§ **The task**: Return exactly the lines from the "为进一步宣传和普及艾滋病防治" line through the last line of the entries below. Include no pictures.

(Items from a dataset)
§

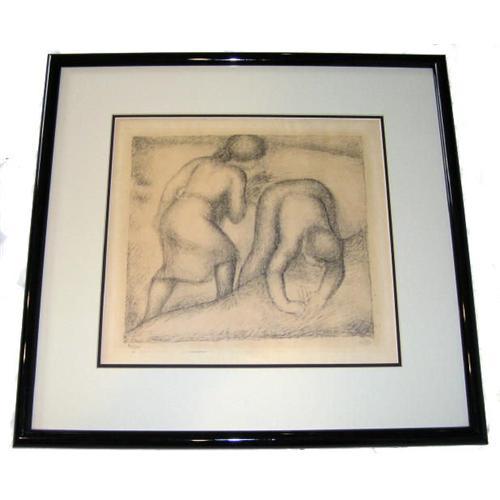 This important lithographic print by Aristide Maillol (1861-1944) was produced in 1926 and is known as Les Glaneuses or in English The Gleaners. (A gleaner gathers grain left behind by a reaper.) Matted and framed under glass. Excellent condition. Exposed print measures 13.5 x 13.5 inches and frame measures 20.25 x 20.25 inches. Signed in margin on left side " 31/75 " with the artist's monogram signature on the right. This work was purchased in 1951 from The Print Club in Philadelphia and is being sold here on behalf of the owner.
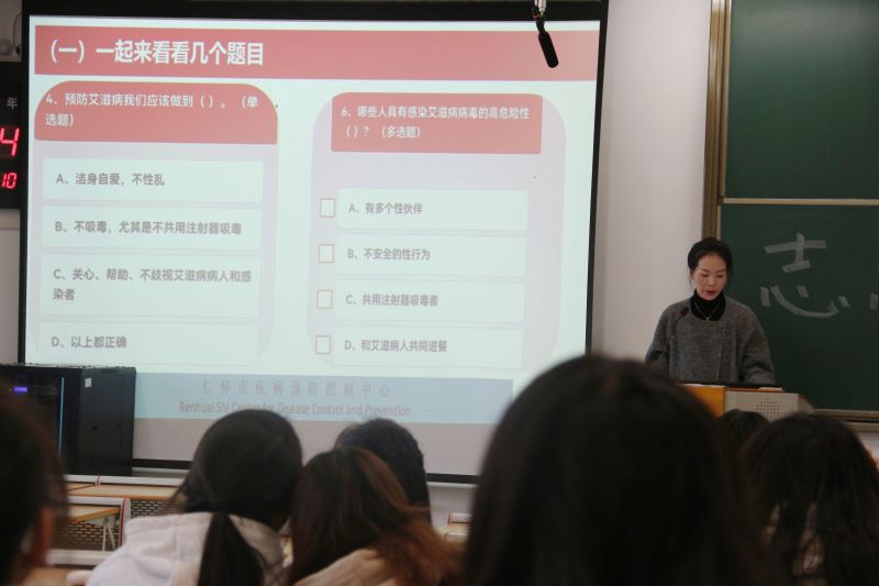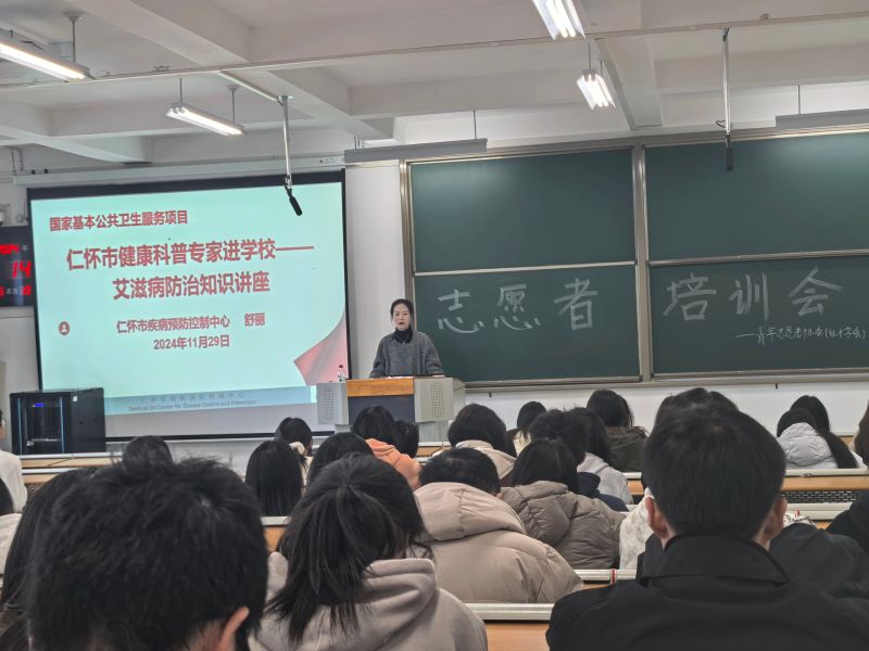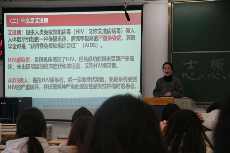 为进一步宣传和普及艾滋病防治知识,增强同学们的防艾意识,至此在第37个世界艾滋病日之际,青年志愿者协会(红十字会)联合仁怀市红十字会、仁怀市疾病预防控制中心举办了“今年会官方网站青年志愿者协会培训之预防艾滋病讲座”。本次讲座由疾控中心副主任舒丽主讲,全体志愿者参加。
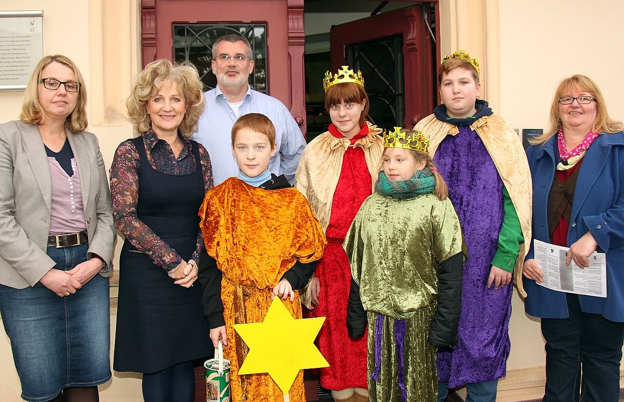 So können immer mehr Kinder dort zur Schule gehen, sagte Cornelia Luziw, die die Sternsinger seit vielen Jahren begleitet. Der dienstälteste Sternsinger in der Runde war Lukas, der schon als Vorschulkind angefangen hat und nun zum neunten Mal mitsingt. Eine Premiere war es dagegen für Laura und Lucas, der den Segen an die Tür des Landratsamtes geklebt hat.
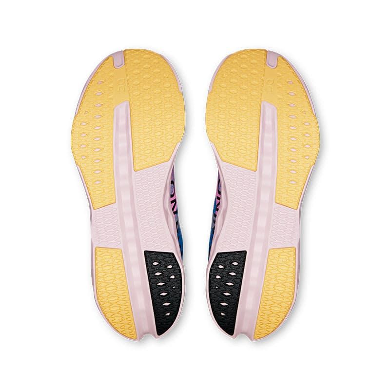 El rocker delantero, más marcado y ágil, potencia la propulsión natural de la pisada. En la suela, las almohadillas de goma estratégicamente colocadas aseguran agarre y durabilidad sobre asfalto.
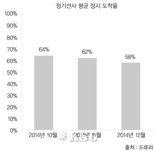 2014년 12월 평균 정시 도착율은 58%...

§

§ **Task result**:
 为进一步宣传和普及艾滋病防治知识,增强同学们的防艾意识,至此在第37个世界艾滋病日之际,青年志愿者协会(红十字会)联合仁怀市红十字会、仁怀市疾病预防控制中心举办了“今年会官方网站青年志愿者协会培训之预防艾滋病讲座”。本次讲座由疾控中心副主任舒丽主讲,全体志愿者参加。
 So können immer mehr Kinder dort zur Schule gehen, sagte Cornelia Luziw, die die Sternsinger seit vielen Jahren begleitet. Der dienstälteste Sternsinger in der Runde war Lukas, der schon als Vorschulkind angefangen hat und nun zum neunten Mal mitsingt. Eine Premiere war es dagegen für Laura und Lucas, der den Segen an die Tür des Landratsamtes geklebt hat.
 El rocker delantero, más marcado y ágil, potencia la propulsión natural de la pisada. En la suela, las almohadillas de goma estratégicamente colocadas aseguran agarre y durabilidad sobre asfalto.
 2014년 12월 평균 정시 도착율은 58%...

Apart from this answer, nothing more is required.